Marmitas viram opção barata, prática e procura dobra em Rio Preto

Nathália Rodrigues_Arquivo PESSOAL

São muitos os fatores que levam uma pessoa a escolher comer marmita ao invés de fazer a própria comida. Tempo, custo, vocação e até problemas de saúde interferem e com a pandemia essa opção se tornou um mercado lucrativo para empresários do setor de alimentação. Em Rio Preto, a demanda está aquecida e há quem afirme que a procura dobrou.

O economista José Mauro atribui esse aumento ao momento de forte pressão sobre os custos de produção dos alimentos e, consequentemente, ao repasse desses valores nos produtos que compõem a cesta básica.

Dhoje Interior

“Isso se deve ao desarranjo da cadeia produtiva nacional e global devido a pandemia. No entanto, essas pressões começam a dar sinais de perda de força e os preços tendem a se acomodar num patamar bastante superior ao verificado antes da Pandemia”, explica.

Segundo o especialista, Rio Preto é uma cidade que acomoda uma população significativa de pessoas que vêm das cidades da região, que moram aqui sozinhas e, portanto, não têm uma estrutura familiar que favoreça uma rotina de alimentação diária ou semanal.

“Essa população, incluindo muitos aposentados, entende ser mais vantajosa a alimentação pronta, marmitas, restaurantes, do que uma estrutura de custos para manter a alimentação em casa. Isso porque exige aquisição semanal de produtos, muitos perecíveis e a rotina não permite consumir toda essa alimentação, gerando perdas e desperdícios”, ressalta.

Além disso, José Mauro destaca a dificuldade para um cardápio diário variado, que requer tempo e habilidades para cozinhar, o que faz muitas pessoas não se sentirem aptas a enfrentar o fogão em casa.

“Está muito caro manter uma alimentação mínima em casa, ainda que seja economicamente mais vantajoso, mas, se somar outros custos, tais como o tempo, a rotina, aquisição de alimentos, desperdícios, gás, qualidade e comparar ao custo de aquisição diária, tem valido mais a pena a aquisição da alimentação básica, pronta, mais fresca, mais variada e com o mesmo custo da produção diária em casa”, argumenta o economista.

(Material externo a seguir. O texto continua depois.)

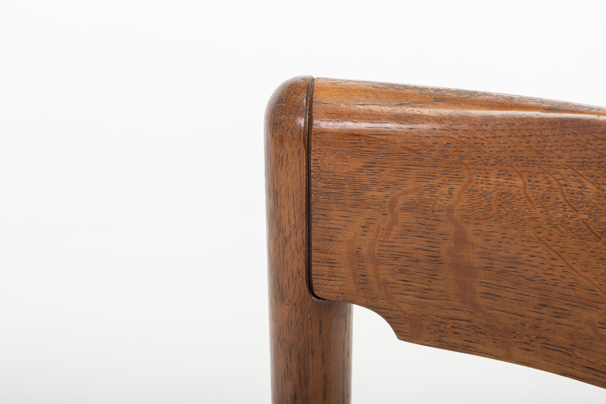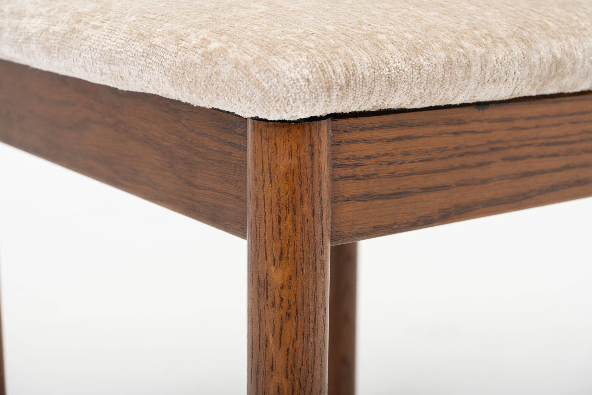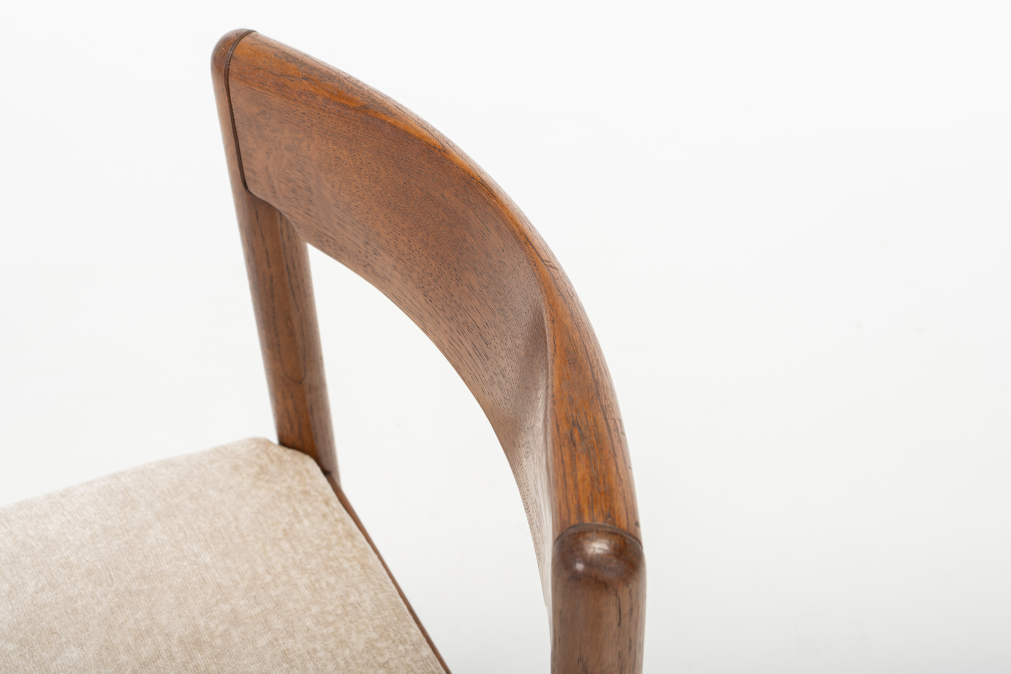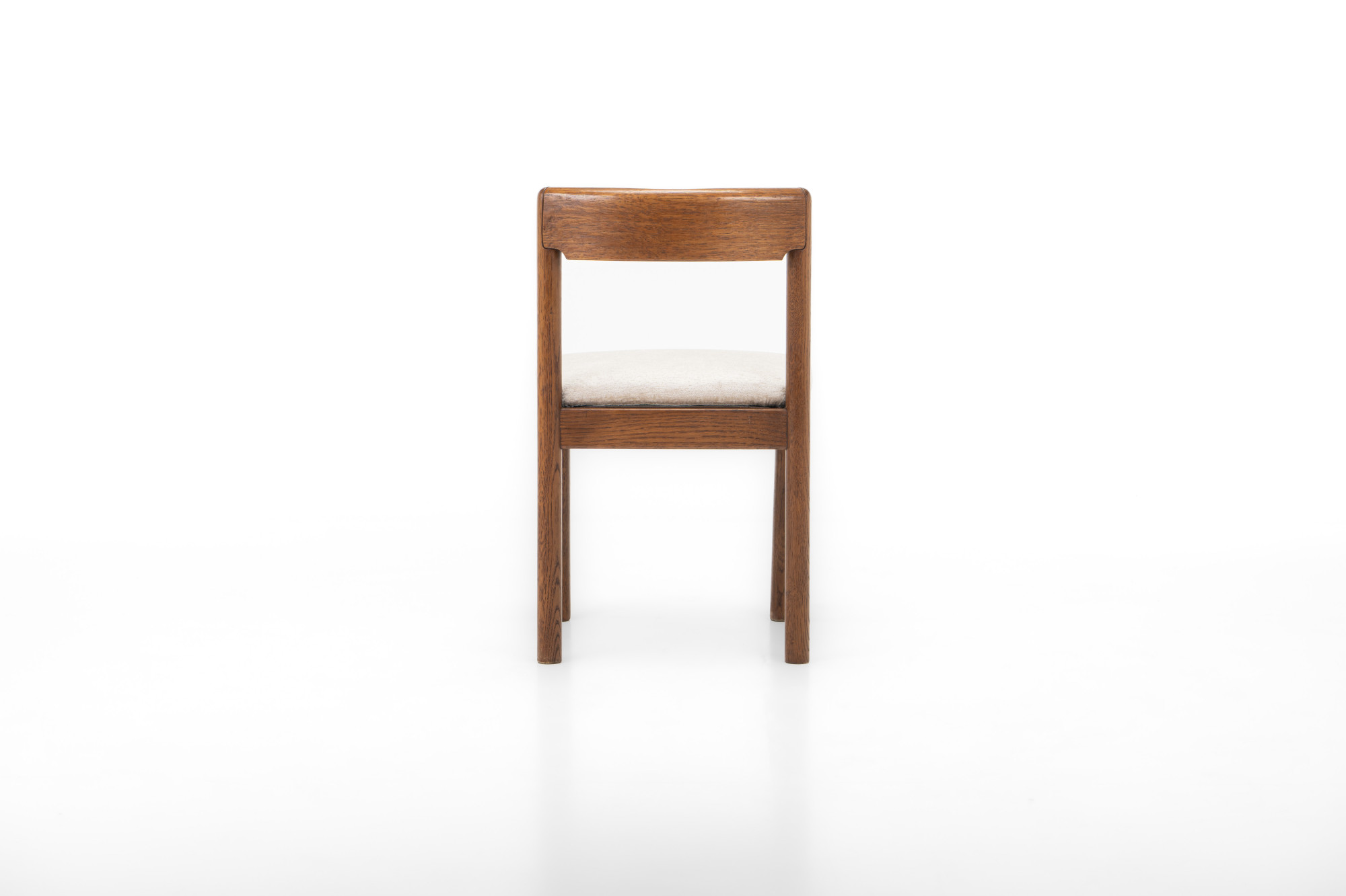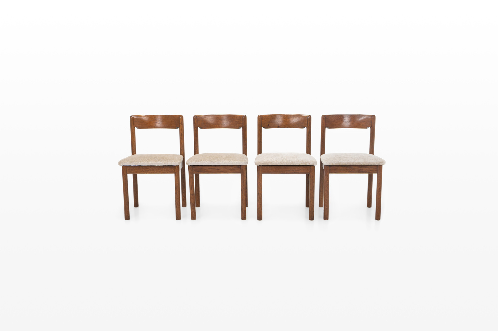 Set of four vintage dining chairs manufactured in Denmark in the 1960s. The chairs have a dark oak frame and are reupholstered with a light cream beige fabric.
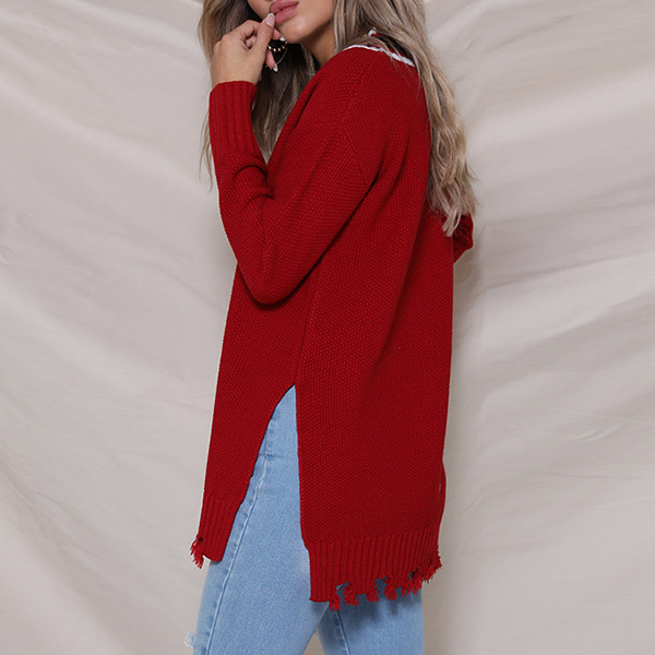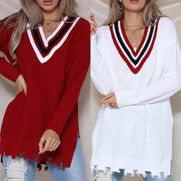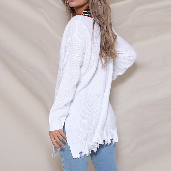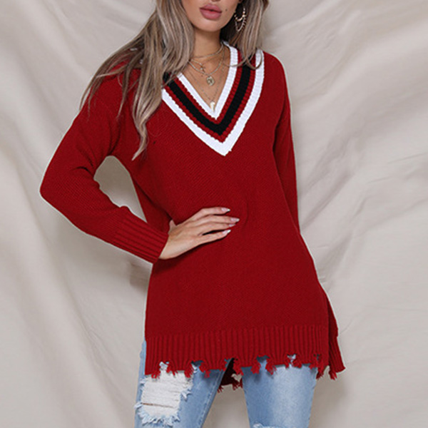 like contrast color v-neck and slit frayed hem make this piece look very attractive. You can team it

Elisabete Torre_Arquivo PESSOAL

Todo esse cenário favoreceu – e continua favorecendo – empresários do ramo, como é o caso da Elisabete Torres, 51 anos, que era cozinheira em um restaurante e há seis meses se tornou a proprietária do local onde trabalhava.

“O restaurante sempre teve ótimo fluxo de vendas de marmitas, mesmo durante a pandemia, no entanto, meu ex-patrão  iria fechar o estabelecimento por questões de saúde e eu resolvi comprar, passando de cozinheira a proprietária, porém, continuo cozinhando”, conta.

Elisabete diz que, atualmente, tem sete clientes que se tornaram mensalistas, devido à praticidade de ter o alimento feito na hora e com um valor acessível. “Esses mensalistas são pessoas que trabalham o dia todo e idosos que acabam preferindo a praticidade de ter nossa marmita feita na hora. Muitos compram para almoço e janta, principalmente os idosos”, destaca.

No período mais crítico da pandemia, Elisabete vendia em torno de 500 marmitas por mês e hoje essa demanda quase dobrou. “O fluxo aumentou muito, quase dobrou. Hoje eu vendo, em média, 900 marmitas por mês ou mais. Nossa empresa é familiar e trabalhamos somente com delivery ou retirada, sem atendimento presencial”, acrescenta.

Outro exemplo bem sucedido é o de Nathália Rodrigues, que há quatro anos tem uma empresa de marmitinhas fitness. “O que eu mais ouço é sobre praticidade. Porém, essa semana estava conversando com um cliente e ele falou que além da praticidade a economia é muita, porque quando ele fazia comida gastava cerca de R$ 400,00 por mês. Agora, comprando as marmitinhas comigo, está gastando R$ 279,00. Sem contar que eu faço as marmitinhas dele seguindo a tabela nutricional”, relata.

Nathália começou sozinha e hoje conta com uma cozinheira, uma freelancer e um motoqueiro para as entregas. “Eu fico mais no celular e agora bem pouco na cozinha, só quando precisa mesmo. No período mais acentuado cheguei a fazer 600 marmitinhas por semana, atualmente, como muitas pessoas perderam o emprego e também devido à crise econômica, estou vendendo cerca de 350 marmitinhas por semana”, salienta.

Os clientes da Nathália se dividem em semanais, quinzenais e mensais.